Подписал ‘’Франциск, Божьей милостью рей Наварры, принц Беарна и Андорры, сеньор Бискайи’’. Вот так вот в полную бочку меда капнул малюсенькую каплю дегтя. До вчерашнего дня титул сеньоры Бискайи принадлежал ей. Но лучше так, чем это дойдет до нее через десятые руки, или же через озлобленных на нас кастильских посольских. В любом случае искажений информации не избежать. Причем искажений не в мою пользу. Так что охапку соломы на месте предполагаемого падения лучше бросить заранее.
Вызвал Микала, отдал ему запечатанное послание и приказал отдать его кастильскому послу для передачи в Мадрид. Заодно передать лично послу кошелек, в котором должно быть ровно пятьсот су. Вергельд за жизнь секретаря кастильского посольства должен быть уплачен по ставке кабальеро. Что хотите? Божий суд проигран, значит, Мамай виновная сторона той первой дуэли, в которой этот секретарь погиб, как бы оно там на самом деле не происходило. Кисмет, как любит говаривать один мне знакомый сарацинский капудан. Заодно передать графу на словах мое восхищение его виртуозным владением рапирой. Польем и ему елея на сердце, не обеднеем.

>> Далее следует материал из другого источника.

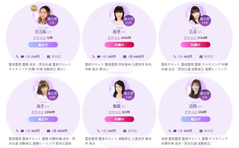 鑑定スタイルや得意ジャンルを参考に、あなたに合う先生を見つけてみてください。

А сам, отослав всех ближников из комнаты, прилег на кровать пострадать от потери близкого мне человека. Ну как близкого? Земляка. На чужбине это много. А так-то мы с ним особой дружбы не водили. Не до Мамая мне было, если честно. Но вот он был рядом со мной как глоток родины. Было с кем хоть накоротке перемолвиться на русском суржике приятным для уха. Теперь все. Микал скорее говорит как лужицкий серб, чем русский человек. С ним мне проще на васконском общаться. Или на хохдойче, если я хочу чтобы окружающие нас не поняли.